Лорин Слейтер - Открыть ящик Скиннера
Я поднимаюсь в свой кабинет. Уже стемнело, и на столике горит лампа, бросая вокруг желтые и золотые отсветы. Стены тоже выкрашены в теплый желтоватый цвет и увешаны изображениями фруктов — слив и груш. Я люблю свой кабинет. Мне очень нравится кот, толстый и мохнатый, который спит на кушетке и мурлычет так громко, что это похоже на стоны. Кот появился у нас недавно. Мы взяли его потому, что у нас завелись мыши — много, много мышей, скребущихся под полом и запутывающихся в проводах позади холодильника. Даже теперь, когда у нас есть кот, я слышу, как они шуршат в вентиляционных трубах. Должно быть, появился новый выводок. Я представляю себе этих крохотных существ, запах молока. Я слышу во сне этих оккупантов, этих ловкачей. Они играют и размножаются, грызут и карабкаются.
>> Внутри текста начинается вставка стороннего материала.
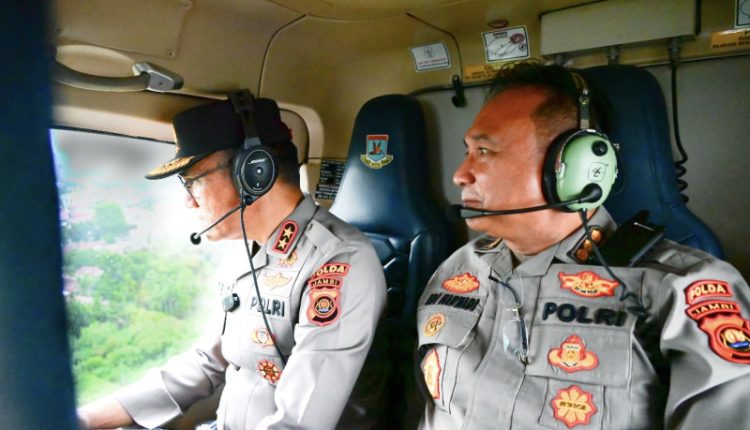 Kapolda Jambi Irjen Pol Krisno H Siregar turun langsung melakukan monitoring udara untuk memastikan kondisi terkini karhutla di wilayah Jambi, Rabu (30/7/2025).

Они прогрызают дырочки в коробках с печеньем, так что оттуда высыпается их добыча. Мыши… Надеюсь, они счастливы в нашем доме.
Глава 8.
ПОТЕРЯВШИЙСЯ В МОЛЛЕ
Эксперимент с ложными воспоминаниями
Воспоминания — это те следы, которые мы оставляем в своей жизни; без них мы могли бы оглянуться и увидеть всего лишь непотревоженную снежную поверхность или какието отпечатки, оставленные не нами. Если есть что-то, что создало нас как вид, дало нам чувство длящейся идентичности, то это как раз наша память. Платон верил в существование абсолютной, идеальной памяти, сферы, в которую человек может заглянуть и найти там в точности сохранившееся собственное прошлое. Фрейд колебался, то утверждая, что память — это мешанина сновидений и фактов, то видя в ней фильм, смотанную пленку, хранящуюся в какой-то части мозга, вызвать которую на экран можно с помощью свободных ассоциаций. Наши представления о памяти в основном базируются на идеях этих двух корифеев — Платона и Фрейда; оказаться в такой компании почетно. Однако психолог Элизабет Лофтус решила бросить вызов великим предшественникам. У нее возникла догадка, что память так же изменчива, как поток, так же ненадежна, как крыса. Будучи психологом-новатором, она провела довольно пугающий, но философски безукоризненный эксперимент, целью которого было определить: является ли содержание наших воспоминаний фикцией или фактом. Полученные ею результаты поражают.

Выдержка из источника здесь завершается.